Catalog Deployments#

The Openverse Catalog consists of two core components: a Postgres instance and an Airflow instance. This document describes the environments & deployment procedures for both components.



Airflow has two different deployment mechanisms: service deployments and DAG deployments. Service deployments occur when the Airflow service itself or any dependencies needs to be updated. DAG deployments occur when DAG definitions or operational code has changed.

Service deployments#

The Catalog’s Airflow instance is hosted via AWS’s Elastic Compute Cloud (EC2) service. The EC2 instance is managed by Terraform. If a change is made to the service initialization bash script, Terraform will recognize this change and can deploy a new EC2 instance with the updated configuration. This change does not occur automatically and will need to be manually initiated.

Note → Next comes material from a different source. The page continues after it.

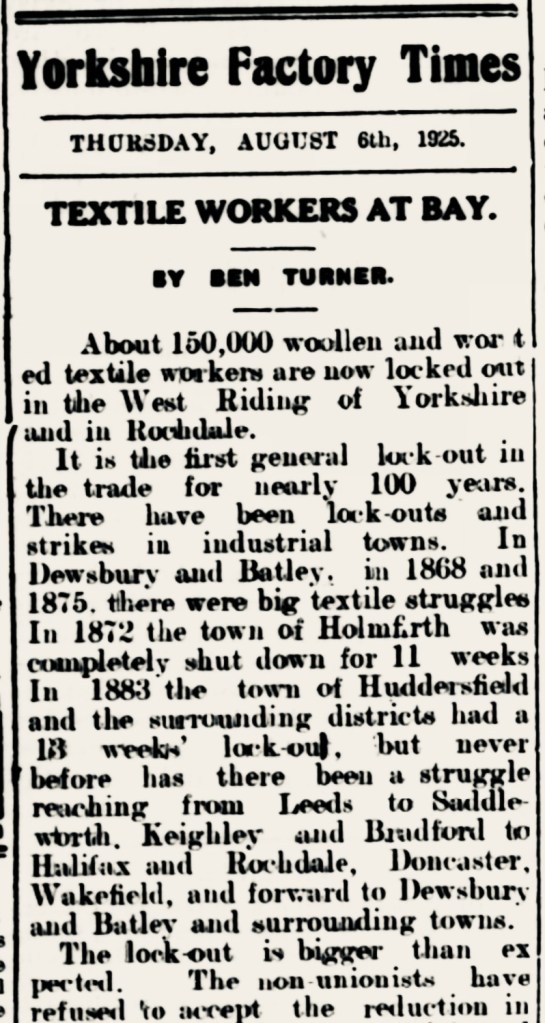 That July and August, more than 150,000 workers in West Yorkshire’s textiles industry came out on strike when at the urging of the Wool Employers Federation, the county’s mill owners announced plans to reduce wages for the second time that year.

Currently the webserver, scheduler, and worker(s) are all run within a single docker container on the EC2 instance as defined by the Airflow Dockerfile. The docker-compose.yml is used to spin up Airflow in production.

Note: Service deployments are only necessary in the following conditions:

  • The Docker image has been modified

  • An environment variable needs to be added/removed/changed

  • A change to the infrastructure has been made (e.g. networking/routing changes)

For DAG updates and code-only changes, see the DAG deployments section.

Deployment workflow#

The “🔒” icon below notes that the action must be performed by a core maintainer with infrastructure access.

  1. Cut a new release on GitHub.

  2. After the release GitHub action has run, check that the new Docker tag corresponding to the release exists on

  3. Ensure that there are no actively running DAGs.

  4. 🔒 Update the catalog version in the infrastructure repo by running just bump prod catalog-airflow

  5. 🔒 Initiate the deployment via just plan prod catalog-airflow (and subsequently just apply prod catalog-airflow if the plan looks correct).

DAG deployments#

Due to the nature of Airflow, changes made to DAG definitions or operational code (e.g. any files that are used by the DAG) will be immediately picked up on the next task run for a DAG. This means that we can update the python code in-place and the next DAG run or task in a currently running DAG will use the updated code. In these cases, a new EC2 instance does not need to be deployed.

The script is used in production to regularly update the repository (and thus the DAG files) on the running EC2 instance.

Deployment workflow#

Since this process happens automatically, the only precursor to a DAG deployment is merging the relevant PR into main.

Note: New DAGs are not automatically enabled and will need to be turned on once deployed.


The Catalog is also backed by a Postgres instance, which serves as the primary data warehouse for all ingested media data.

This instance is hosted on AWS using RDS. The instance can be accessed using pgcli or a similar client with the jumphost defined in the infrastructure repository. For more information on this process see the documentation on connecting to the jumphost (note that you will need additional access to view this document, please reach out to the maintainers if you’re interested).


Any migrations to the Catalog database must either be performed by hand or as part of a DAG’s normal operation (see: iNaturalist).